WE: Well, now you know so you can use them on your refrigerator door."
THEY: "What refrigerator?"

I tell you these two stories because I find in fascinatiing how the things one culture takes for granted with which another culture has no experience . They have learned much from us but we have also learned a lot from them. One of the great pleasures of living and learning from other cultures with which one is unfamiliar.


----------



## PanamaJack (Apr 1, 2013)

Well said Hound Dog. 
I remember when my father was working at the U.S. embassy in Guatemala and my mother and I flew to visit him from the states. I was just 9 years old and it was before we moved permanently to Mexico. My father's maid invited all to her home outside of Antigua in a town called Pastores to have tamales. When Telma served the tamales, the first my mother had ever seen, my mother asked, as she looked at the mixture sitting inside the banana leaves, "do we eat the green leaves as well?" Of course no one but my family members understood, but once it was translated everyone had a BIG LAUGH!!!


----------



## TundraGreen (Jul 15, 2010)

Hound Dog said:


> Amusing Vignettes:
> 
> Some indigenous friends we have become close to down here in Chiapas are artisans designing and manufacturing textiles and the other day we were enjoying lunch at their home; compound, actually, in an indigenous community near San Cristóbal when, in the course of passing over-the-table conversation, we discovered that one of the ways they make a living is through the gathering (in the steep and challenging mountainsides surrounding San Cristóbal) and selling firewood. We were interested in buying some firewood which they were selling at very good prices as opposed to local vendors in the city and suggested they supply us with firewood on an ongoing basis in the future. They deliver firewood to the city in their family truck as well as to their fellow villagers so were pleased to take us on as new customers but the following exchange ensued:
> 
> ...


Their practice of gathering firewood is a non-sustainable practice. What will they do when the forests are gone. This is a big problem for future Mexico and Mexicans. In about 2002, Mexico created the Comisión Nacional Forestal (CONAFOR) to address this problem. Your friends may not cook with firewood, but many people do. They also cut trees for fence posts. One of the efforts to improve things is to get people to use more efficient stoves that use less firewood.


----------



## Hound Dog (Jan 18, 2009)

[_QUOTE=TundraGreen;3155601]Their practice of gathering firewood is a non-sustainable practice. What will they do when the forests are gone. This is a big problem for future Mexico and Mexicans. In about 2002, Mexico created the Comisión Nacional Forestal (CONAFOR) to address this problem. Your friends may not cook with firewood, but many people do. They also cut trees for fence posts. One of the efforts to improve things is to get people to use more efficient stoves that use less firewood.[/QUOTE]_

Boy, TG, I could nor agree with you more that firewood harvesting and essential utilization by local people decimate the forest lands and that more efficient means of using natural resources such as the remains of the trees in our forests is desirable. By the way, no one more than the indigenous people with whom we often congregate, would rather conserve on the utilization of wood destined to fuel their fires that make their food more appealing and digestible than those who spend their days hauling firewood up steep and unforgiving mountain paths, especially during the rainy season, so the family can survive on properly cooked meals for the next few days.

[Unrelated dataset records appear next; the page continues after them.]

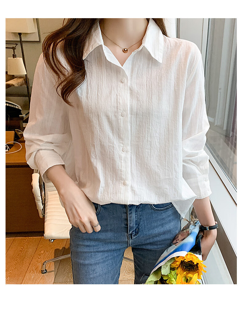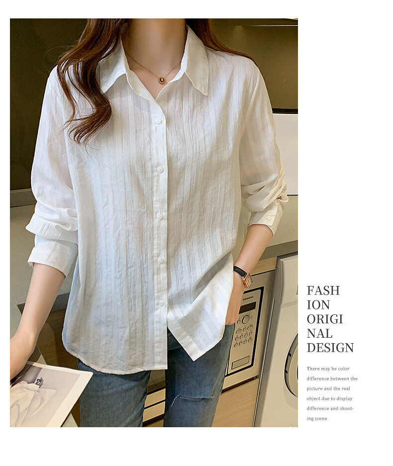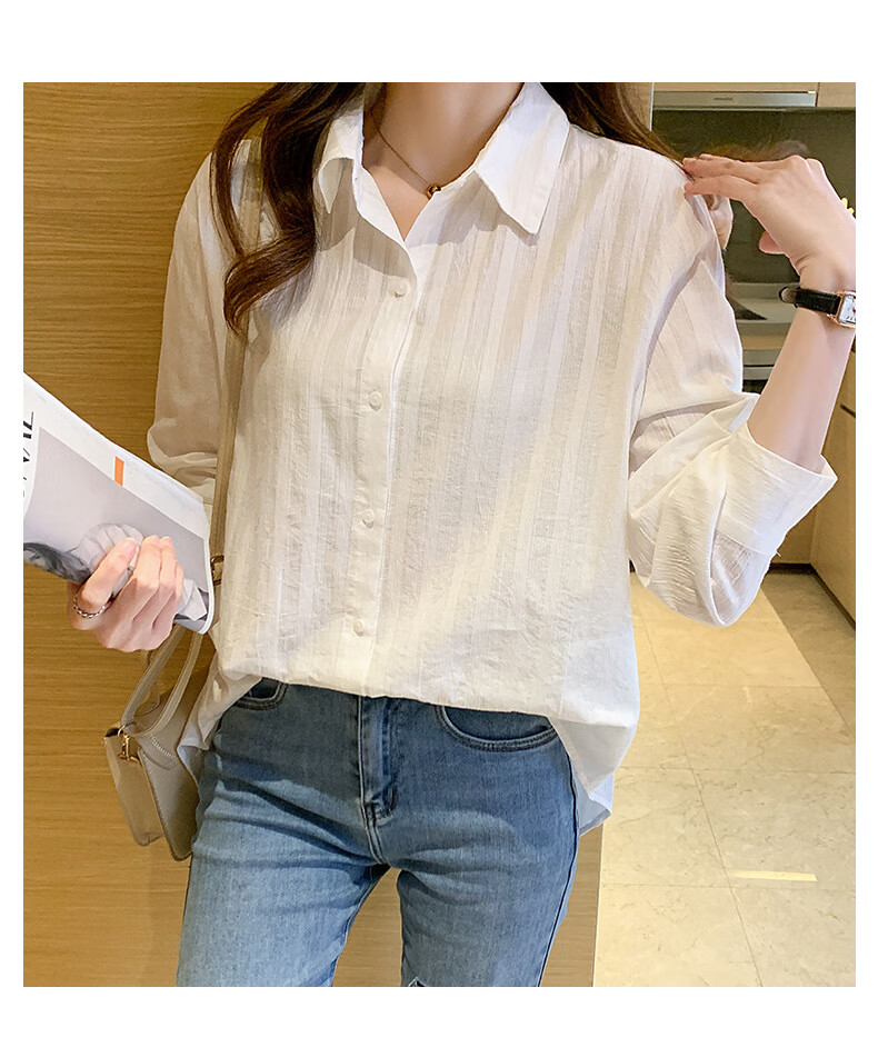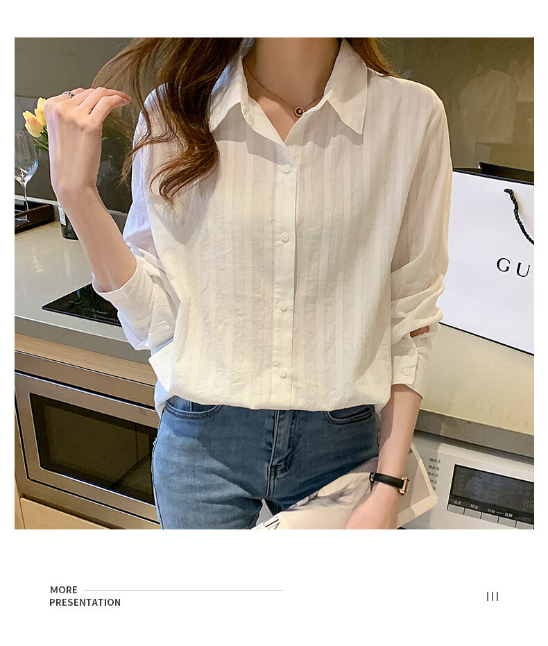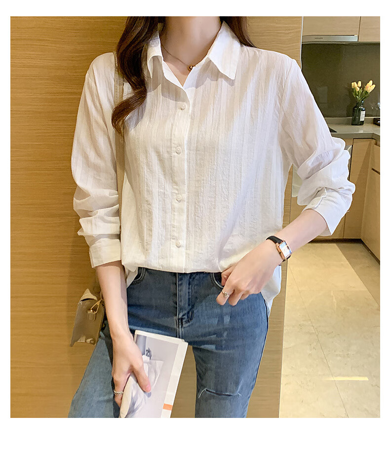 Miao Yijia Pure Cotton Striped White Shirt Women's French Shirt Shirt Women's Casual Shirt New Style Western Style Bottoming Shirt Striped French Long Sleeve Shirt White L 115-130Jin Jin equals 0.5 kg
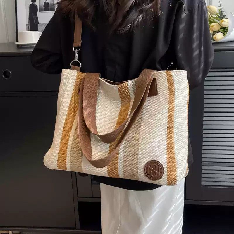 外出通勤包女大容量包包2025新款休闲大学生上课包帆布单肩托特包
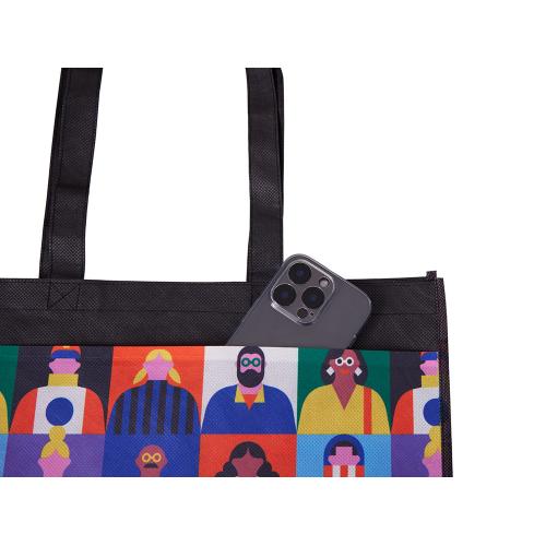 Для размещения принта подходит передний карман, на котором можно выполнить полноцветную печать. На поверхности кармана можно разместить лого компании или выставки, а также полноразмерный принт любой сложности.
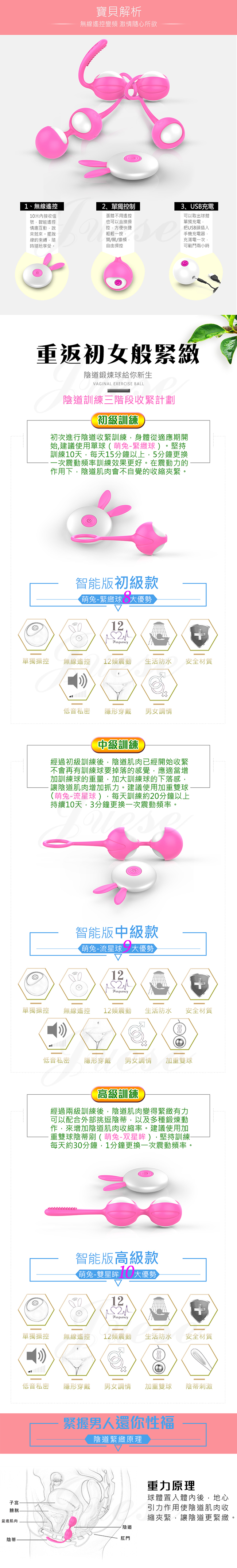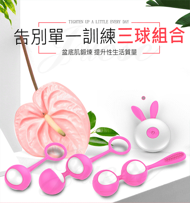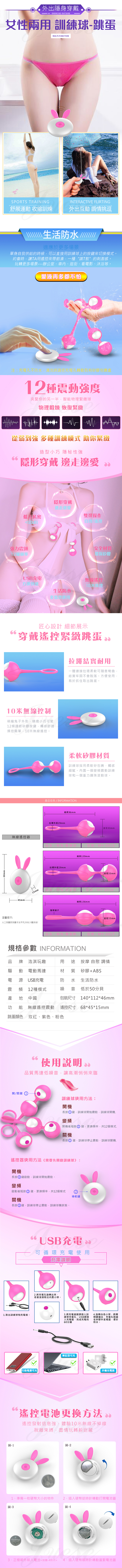 | 萌兔雙星眸 12段變頻矽膠充電遙控震動縮陰球-雙球-玫紅

We just returned from a journey up the Chiapas Highlands to back country towns such as Bochil and a dozen other communities in the high mountains and the number of poor we saw hauling scraps of "firewood" up steep slopes on headstraps, most of that firewood being the detritus of rotting firewood along countless mountain trails, were uncountable, and I say we have nothing to reveal to them. On the other hand, the forests of Chiapas are being exploited daily by the most despicable thieves and their criminal cousins in the state and federal governments .

I makes me heartsick.


----------